Task prompt => Set each line of the material below down word for word, from the first through the line that holds "Anlässlich des Workers'", but not the pictures.

Dataset section =>
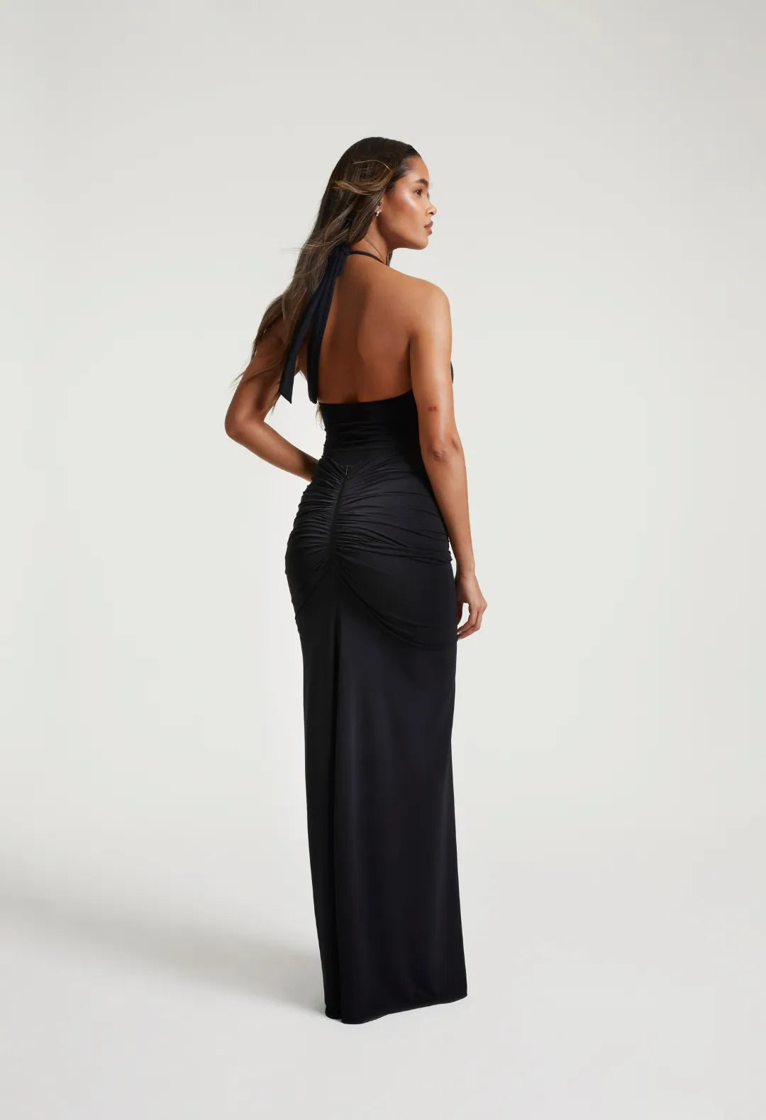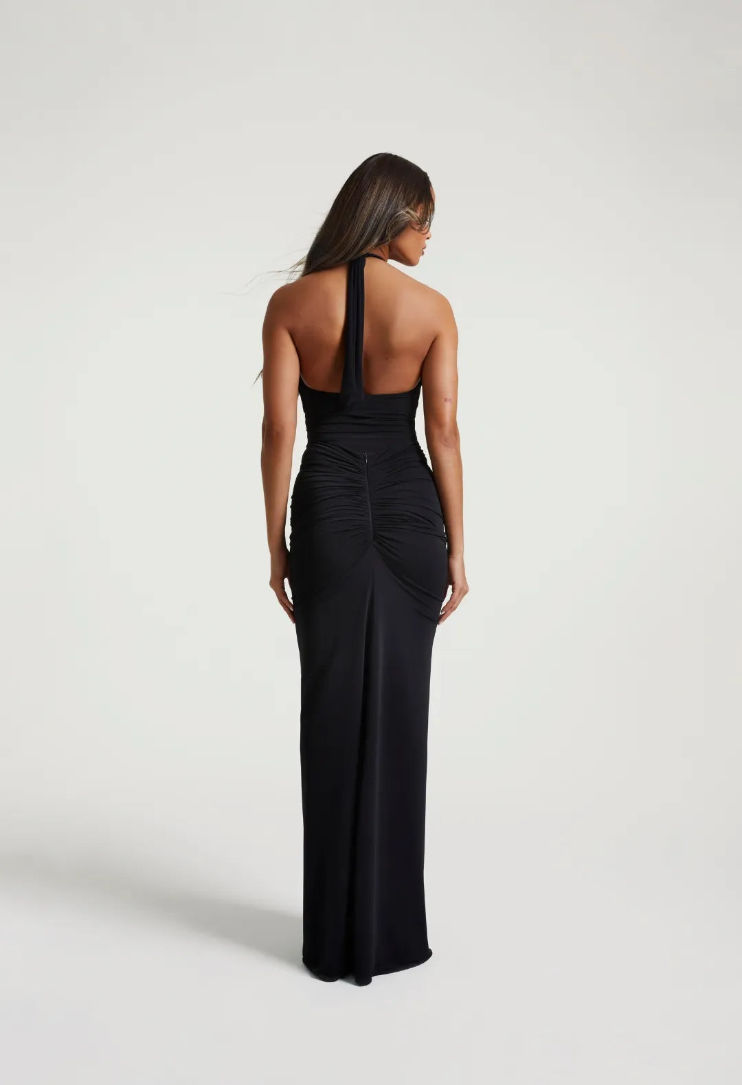 Meet Angelina: your classic LBD, redefined. Crafted with comfort and your curves in mind, this luxury two-piece set is made up of a stretch halterneck bodysuit and gathered maxi skirt to ensure you turn heads this holiday season. The skirt, with its flattering dropped waist and center-back zip, moulds effortlessly to every silhouette. Meanwhile the bodysuit’s expertly crafted panels contour and support, enhancing your natural shape and providing just the right lift.
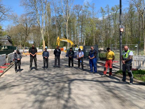 Anlässlich des Workers' Memorial Day hielten Beschäftigte auf Baustellen oder in Reinigungsobjekten um 12 Uhr für eine Minute inne, um der bei der Arbeit verletzten oder ve...
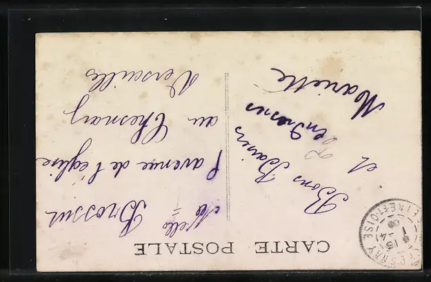 Personenbezogene Daten auf der Rückseite der Karte wurden durch blauen Textmarker unkenntlich gemacht. Die blauen Stellen sind auf die Vorderseite durchgeweicht und wirken sich negativ auf das Postkartenfoto aus
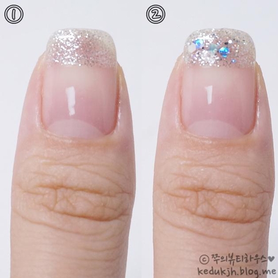 STEP3:在另外的指甲上1/3位置先涂上银色小亮片,吹干后在叠加上大亮片。

Result below =>
 Meet Angelina: your classic LBD, redefined. Crafted with comfort and your curves in mind, this luxury two-piece set is made up of a stretch halterneck bodysuit and gathered maxi skirt to ensure you turn heads this holiday season. The skirt, with its flattering dropped waist and center-back zip, moulds effortlessly to every silhouette. Meanwhile the bodysuit’s expertly crafted panels contour and support, enhancing your natural shape and providing just the right lift.
 Anlässlich des Workers' Memorial Day hielten Beschäftigte auf Baustellen oder in Reinigungsobjekten um 12 Uhr für eine Minute inne, um der bei der Arbeit verletzten oder ve...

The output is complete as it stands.